Although it was a purely mechanical machine, driven by a crank handle and containing cogs, gears and levers, it accurately calculated and printed tables of polynomials that were used for astronomy and ballistics.

Next came Babbage's steampowered Analytical Engine. Unlike the Difference Engine, which was designed to perform a particular type of computation, the Analytical Engine was a programmable or universal computer in just the same way as today's PCs. Indeed, programs written for it by Babbage's contemporary Ada Lovelace bear an uncanny similarity to modern computer programs.

Add all this up and you could argue that the Analytic Engine represents a more significant step than the Difference Engine did. The problem was that the Analytic Engine was never built by anybody, and so the machine remains largely untested.

3. Colossus

The first completely electronic computer Like Babbage's Analytical Engine (which is best described as a calculating machine), Colossus was a proper computer, albeit one that was designed to perform one very specific type of calculation.

Where it broke new ground was that, for the first time, it was purely electronic. Created by Tommy Flowers and his team at the Post Office Research Station in 1944, it was used at Bletchley Park as part of the World War II code-breaking effort.

Colossus

While a mechanical computer called the Bombe had been adequate to crack messages encrypted using the famous Enigma machine, the more complicated German Lorenz cipher machine that was used to encode teleprinter traffic required the increased speed of an electronic computer in order to break the code.
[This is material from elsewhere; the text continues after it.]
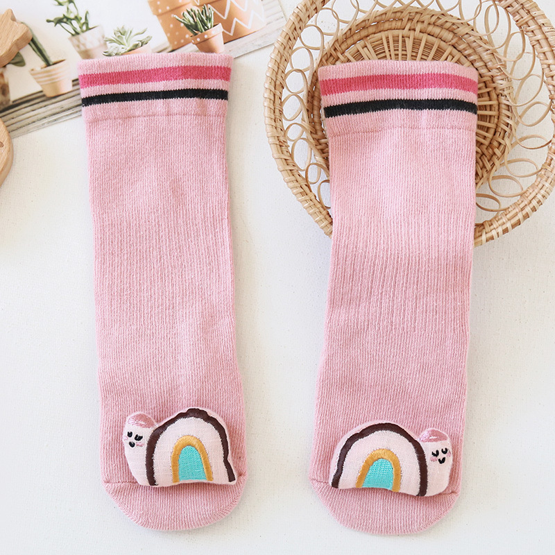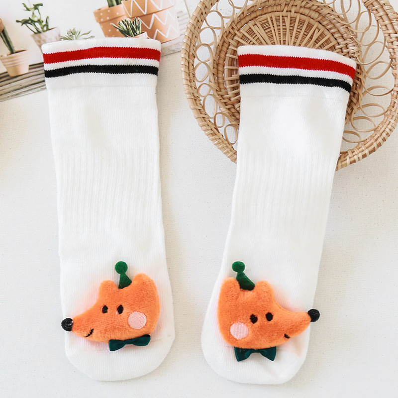 가을과 겨울 빗질면 아기 양말 신생아 아기 하이 롱 튜브 무릎 양말 만화 미끄럼 방지 바닥 양말 도매

Colossus contained no less than 2,400 valves. With memory being expensive, the data was operated on directly from paper tape. As a result, the speed of the computer depended on the speed of the tape reader.

Operating at 40 feet per second (27.3mph), Colossus had a speed of 5,000 characters per second. A rebuilt Colossus is now on show at the National Museum of Computing at Bletchley Park.

4. ENIAC

Designed and built at the University of Pennsylvania under a US government contract, and intended for nuclear weapons research, ENIAC became the world's first 'universal' electronic computer: in other words, one designed to do any job according to its programming.

ENIAC

It was completed in 1946, and its headline figures are startling. It contained 17,468 valves, 7,200 diodes, 1,500 relays, 70,000 resistors, and 10,000 capacitors, all held together by about five million hand-soldered joints. It weighed 27 tonnes, measured 2.6m x 0.9m x 26m, and consumed 150kW of electrical power. When translated into today's terms, it set Uncle Sam back about $6million – and that's not including the power bill!
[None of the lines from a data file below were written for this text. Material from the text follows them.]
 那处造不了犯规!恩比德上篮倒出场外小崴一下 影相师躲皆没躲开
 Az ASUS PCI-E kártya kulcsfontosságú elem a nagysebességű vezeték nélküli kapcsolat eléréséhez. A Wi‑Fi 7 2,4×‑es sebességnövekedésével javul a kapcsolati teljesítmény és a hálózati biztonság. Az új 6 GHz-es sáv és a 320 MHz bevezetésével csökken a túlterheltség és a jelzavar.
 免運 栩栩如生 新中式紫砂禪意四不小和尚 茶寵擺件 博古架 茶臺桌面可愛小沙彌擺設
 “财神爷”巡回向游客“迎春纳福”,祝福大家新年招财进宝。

Despite being the first universal computer, ENIAC differed in several important respects from its various successors. For a start, it operated on decimal rather than binary arithmetic, something that contributed massively to the valve count – which was huge, given its rather pedestrian performance.

More significantly, despite being universal in nature, ENIAC was programmed by plugging patch leads and configuring switches. As a result, changing the machine's configuration from one operation to another was a task that would typically take several days to complete – a far cry from the simple speed of loading a program from disk that we're used to today.

5. The Manchester Baby

The Small Scale Experimental Machine (SSEM), or Manchester Baby, was completed in 1948. It was dubbed Baby in an effort to differentiate the machine from its successor, the Manchester MK1.

SSEM

The SSEM was groundbreaking. Here was a computer that was fully electronic, truly universal and, for the first time, could execute a program stored in internal memory. As it was the first ever stored program computer, we are able to draw some direct comparisons between the Manchester Baby and today's PCs.

It had 550 valves (transistors, integrated circuits and microprocessors were still some way off), and just seven instructions, which could be executed at a rate of 700 per second. It had 32 words of 32-bit memory.

Although you'd have to put several zeroes on the end of these figures to come close to describing today's PCs, it's fair to say that the world owes a debt of gratitude to SSEM's creators Freddie Williams and Tom Kilburn of the University of Manchester.